28. 12. 2023 Davide Sbetti Log-SIEM, Machine Learning

Semantic Search in Elasticsearch – Testing Our NetEye Guide: Adding the LLM ingredient

You weren’t expecting a part three of this series, right? Well honestly, me neither.

But after working together with you on the POC where we firstly crawled the NetEye Guide and applied ELSER to the resulting documents, and then we exploited its semantic search capabilities in the NetEye Guide search, we asked ourselves, what if we also try to add an LLM to the mix?

Ah yes, you are asking exactly how we would like to integrate it, right? Well, the idea is to use it to summarize the search results obtained out of the query, thus generating a one-shot answer.

Okay, which LLM?

Clearly, the first important decision is which model we would like to try to integrate in our revisited NetEye Guide search POC and… where it will run!

Honestly, the probably most efficient and effective solution (in terms of the end result) would have been to exploit OpenAI GPT models, and so also removing the second important question, since we would not have to think about how and where to run such a model.

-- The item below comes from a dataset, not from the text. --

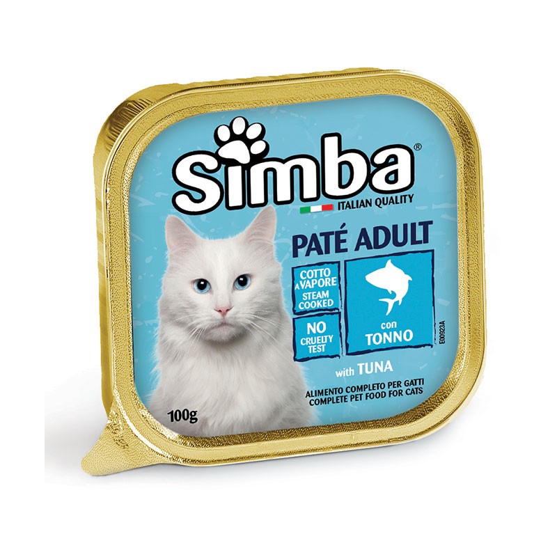 SIMBA CAT PATÉ CON TONNO è un alimento completo per gatti adulti. Paté formulato con ingredienti di qualità come il tonno, fonte di proteine e minerali, cotto a vapore al fine di esaltare il loro naturale gusto e stimolare il quotidiano appetito del tuo animale. La formulazione è stata sviluppata con una specifica combinazione di vitamine A-D3-E per rispondere alle esigenze nutrizionali e soddisfare i fabbisogni quotidiani degli animali. Senza coloranti e conservanti aggiunti.

Unfortunately for you, for this POC we decided to go in the opposite direction and try to run a local instance of the LLAMA2 7B model. Why? Well, mainly for the following two reasons:

  1. We thought it could also have been fun to experiment running such a large model locally, on a quite standard consumer laptop. Would it be possible, and with which trade-offs?
  2. LLAMA2 models are publicly distributed and it’s possible to download the pre-trained weights by just requesting access through a simple form. And we love open-source and open science, so one point in favor!
A llama, but not the one we used

Step 1: Accessing the model (LLAMA2 7B)

As mentioned above, accessing LLAMA2 models is quite easy. As described in the official page on Hugging Face, it’s just necessary to fill in this form to obtain via email the signed URL necessary for downloading the model.

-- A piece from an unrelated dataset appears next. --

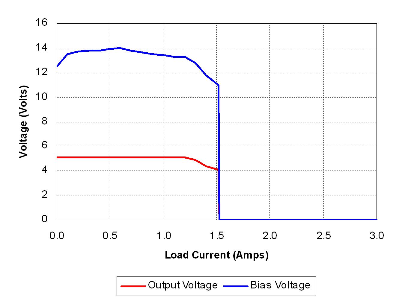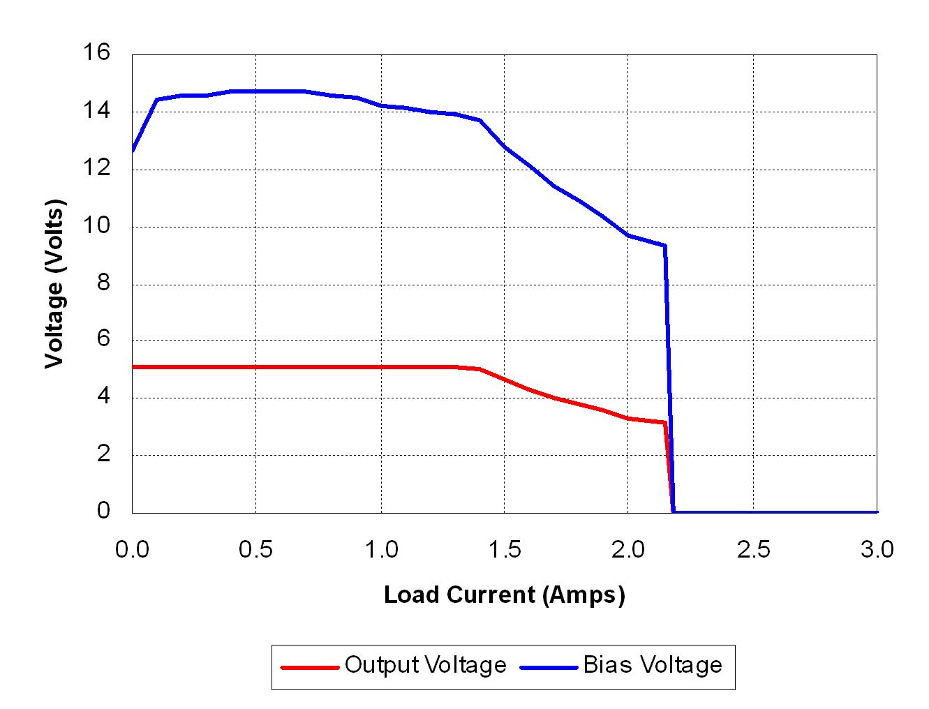 圖3顯示了輸出和偏置電壓與圖2所示電路負(fù)載電流的對比情況。輸出V-I特性非常接近于圖1所示理想情況。負(fù)載電流達(dá)到約1.3A時開始功率限制。隨著負(fù)載增加,輸出電壓開始下降。由于偏置電壓是輸出電壓的反映,因此它也開始下降。偏置電壓降至9V關(guān)閉水平以下時,PWM控制器關(guān)閉。

At this point, we can just clone the official repository from GitHub and run the download script, which can be found in the root directory of the project, as follows: ./download.sh.

When prompted, we can insert the signed URL that we received in the confirmation email and select the model we would like to download. In our case, for performance reasons, we decided to try the smallest one, namely the 7B (where “smallest” is in terms of the number of parameters of the model).

After confirming our selection, the download starts… Time to get a coffee then!

Step 2: Understand we actually have to do something to run it locally

Okay, once the download ends, we can see that in the folder that we cloned from GitHub there is now a subfolder containing the model we just downloaded, namely llama-2-7b.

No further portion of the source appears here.